The net proceeds the Company received from the offering of the notes was approximately $193.4 million, after deducting the Initial Purchasers' discounts and commissions and offering expenses payable by the Company. On the Closing Date, the Company used $15.3 million of the net proceeds from the offering of the initial notes to pay the cost of the Base Capped Call Transactions (as defined below) and approximately $90.9 million of the net proceeds from the offering of the initial notes to finance the cash portion of the consideration it delivered in connection with the Notes Repurchase Transactions (as defined below). The Company intends to use the remaining net proceeds from the offering to fund eligible green projects designed to contribute to selected Sustainable Development Goals as defined by the United Nations and for working capital and other general corporate purposes, which may include potential acquisitions and strategic transactions.

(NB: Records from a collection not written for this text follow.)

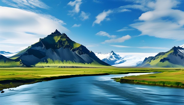 壮丽的山脉与宁静的河流交织在一起,展现出大自然的和谐美景。
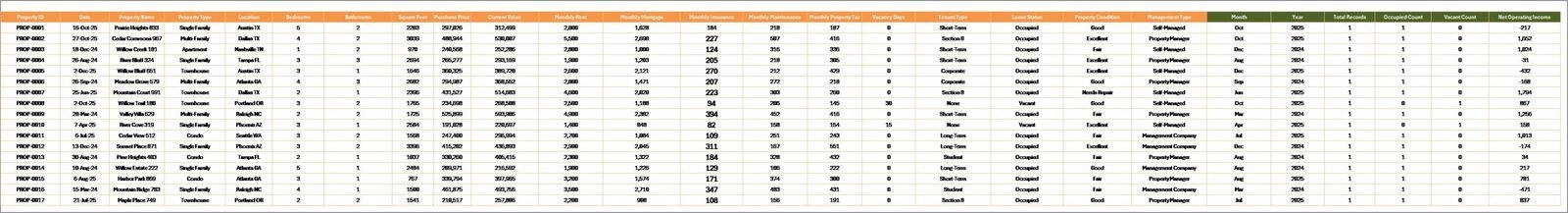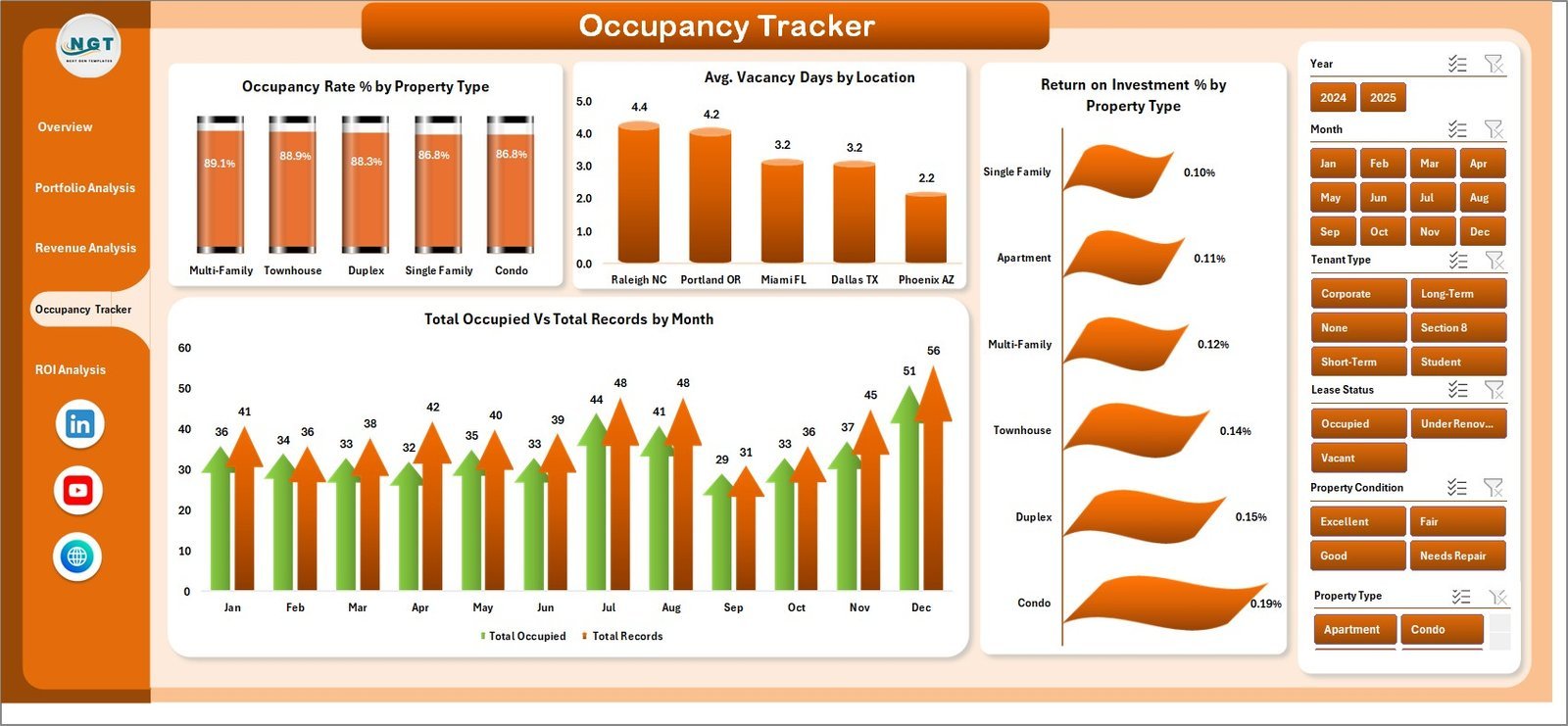 Yes. The dashboard includes multiple slicers that let you filter by Property Type, Location, Bedrooms, Management Type, Tenant Type, Lease Status, and Property Condition for focused analysis.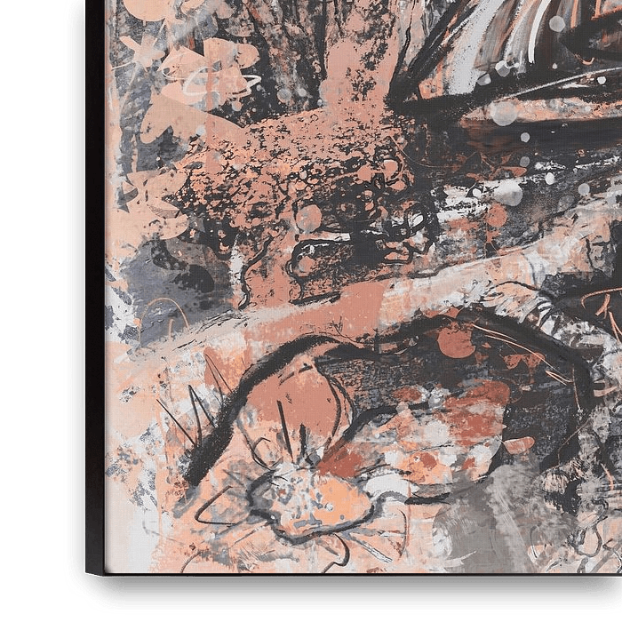Buy this abstract artwork Abstract artwork forest fairy in orange grey and rust brown by Emiel de Lange on canvas, ArtFrame, poster and wallpaper, printed on demand in high quality.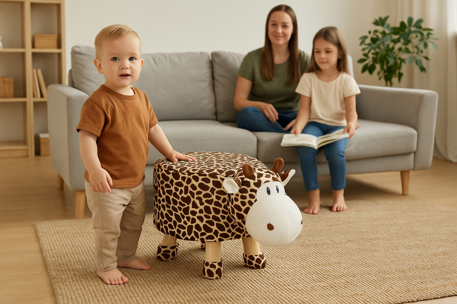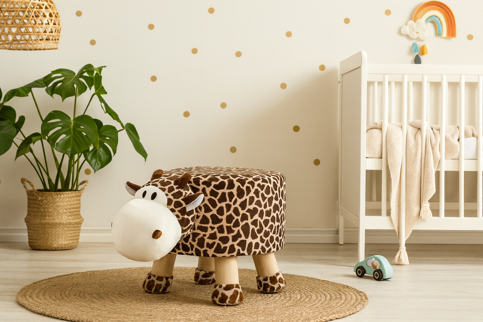 A gyerekzsámoly, 28x25cm | zsiráf egy eredeti kiegészítő, amely praktikus helyet kínál ülő- vagy pihenőhelynek, ideális a gyerekszobába. A zsámoly puha anyagokból készült, amelyek lehetővé teszik a kényelmes ülést, a belső töltet pedig stabil tartást biztosít. Kompakt méreteinek köszönhetően kisebb helyiségekben is kényelmesen elfér, ugyanakkor játékos és eredeti hangulatot kölcsönöz a szobának. A zsiráf ihlette dizájn gyerekeknek és felnőtteknek egyaránt tetszeni fog.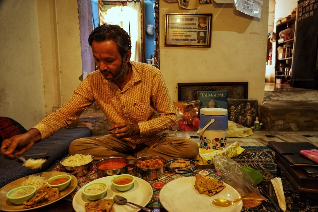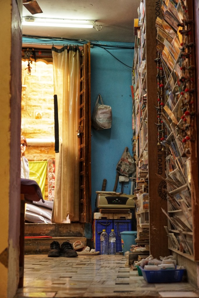 On our second day, I lead us to a place inside the Fort that I had marked beforehand. I found it on someone’s blog, or Instagram, or Tripadvisor. Maybe someone recommended it, or maybe it was just instinct guiding me. I can’t quite remember. But it truly felt like a gift to find The Traveler’s Cup. A small coffee place with honest food, good prices — and yes, they are not lying: the best coffee in Jaisalmer, as Willem Jan immediately notes. In the coming days, this place becomes more than just a hiding spot from the sun, where we sink into cool cushions and drift into long conversations. With every encounter, the connections deepen. What begins with small talk over coffee slowly unfolds into something more personal. We linger longer, return without planning to, are recognized, welcomed back. Stories are shared — not all at once, but in fragments, over time. There’s a quiet kind of hospitality here, one that doesn’t try too hard, yet stays with you. At some point, we find ourselves helping with their Tripadvisor page, sitting behind a laptop in the afternoon heat. Another evening, we are invited to eat a home-cooked meal, prepared by the owner’s wife. It feels less like visiting a place, and more like being gently folded into it.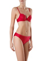 Модель выполнена из кружевного полотна, бретели декорированы бантиками.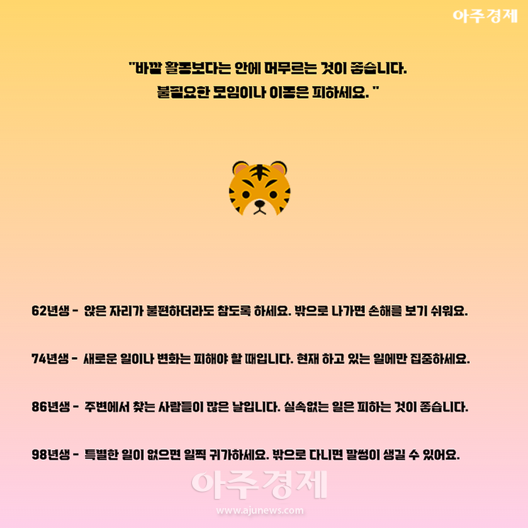 ▶호랑이띠 오늘의 운세 "바깥 활동보다는 안에 머무르는 것이 좋습니다. 불필요한 모임이나 이동은 피하세요. "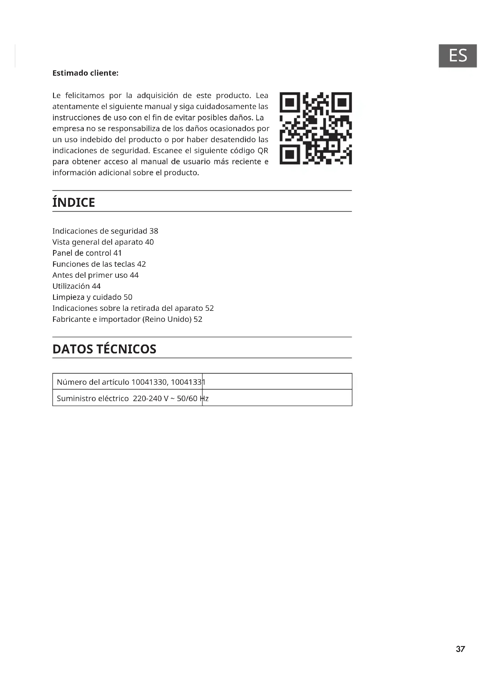 Estimado cliente: Le felicitamos por la adquisición de este producto. Lea atentamente el siguiente manual y siga cuidadosamente las instrucciones de uso con el n de evitar posibles daños. La empresa no se responsabiliza de los daños ocasionados por un uso indebido del producto o por haber desatendido las indicaciones de seguridad. Escanee el siguiente código QR para obtener acceso al manual de usuario más reciente e información adicional sobre el producto. ÍNDICE Indicaciones de seguridad 38 Vista general del aparato 40 Panel de control 41 Funciones de las teclas 42 Antes del primer uso 44 Utilización 44 Limpieza y cuidado 50 Indicaciones sobre la retirada del aparato 52 Fabricante e importador (Reino Unido) 52

If the Initial Purchasers exercise their option to purchase additional notes, the Company expects to use a portion of the net proceeds from the sale of the additional notes to enter into Additional Capped Call Transactions (as defined below).

The initial notes were, and any additional notes will be, issued pursuant to an indenture, dated as of the Closing Date (the "Indenture"), between the Company and Wilmington Trust, National Association, as trustee (the "Trustee").

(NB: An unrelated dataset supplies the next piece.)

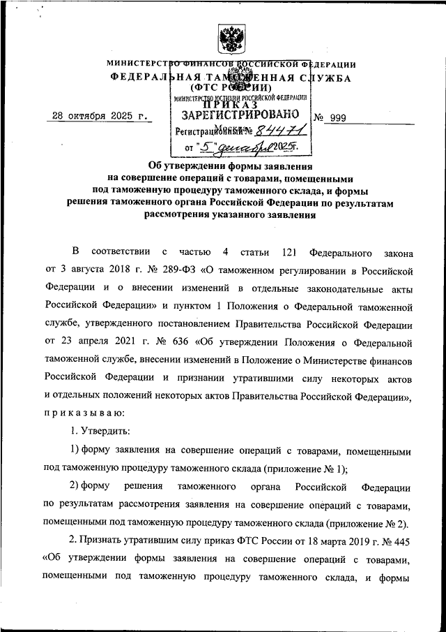 ПРИКАЗ ФТС РФ от 28.10.2025 N 999 "ОБ УТВЕРЖДЕНИИ ФОРМЫ ЗАЯВЛЕНИЯ НА СОВЕРШЕНИЕ ОПЕРАЦИЙ С ТОВАРАМИ,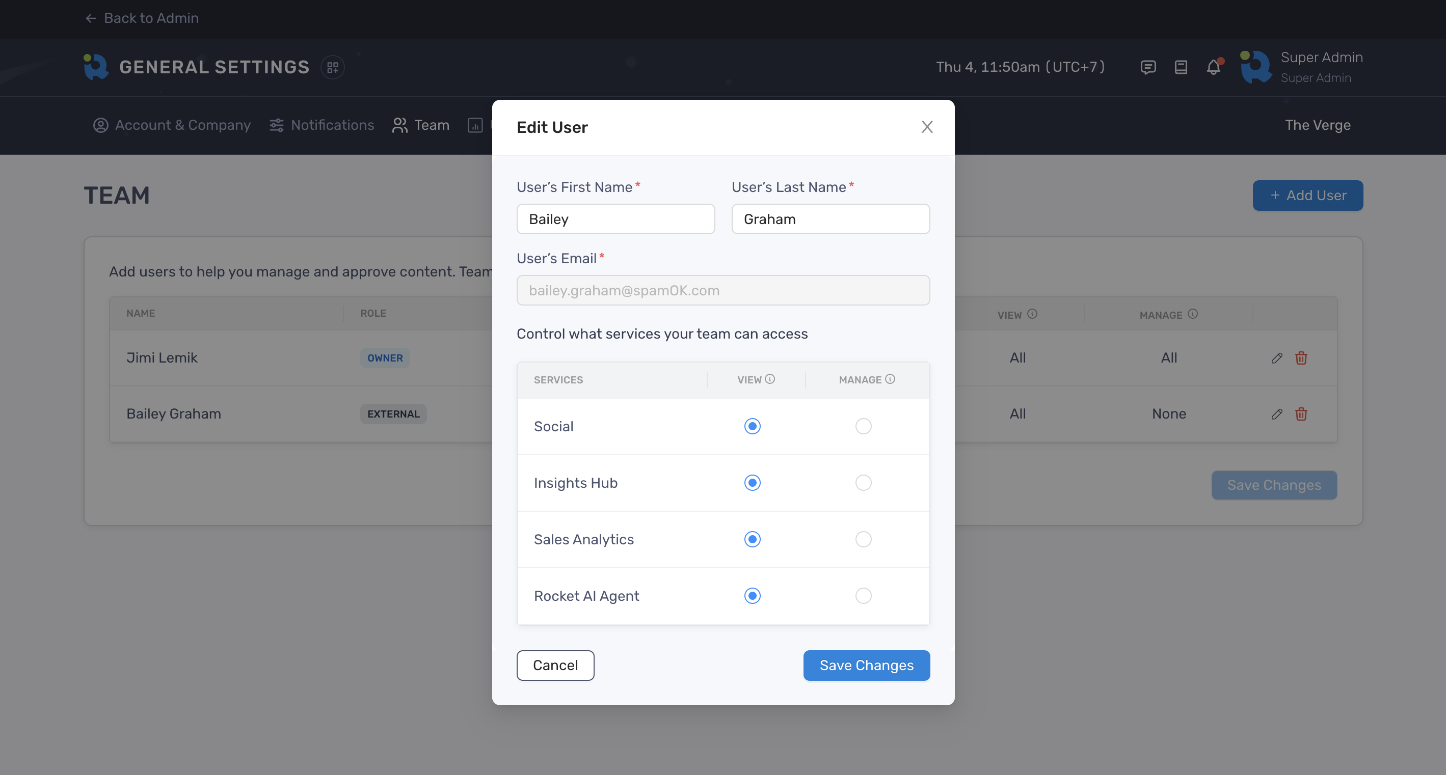 Section titled “Edit the team member’s permissions”- Locate the Team section on the General Settings page

The notes bear interest at a rate of 3.75% per annum on the principal amount thereof, payable semi-annually in arrears on June 1 and December 1 of each year, beginning on December 1, 2020, to the holders of record of the notes as of the close of business on the immediately preceding May 15 and November 15, respectively. The notes will mature on June 1, 2025, unless earlier converted, redeemed or repurchased in accordance with their terms.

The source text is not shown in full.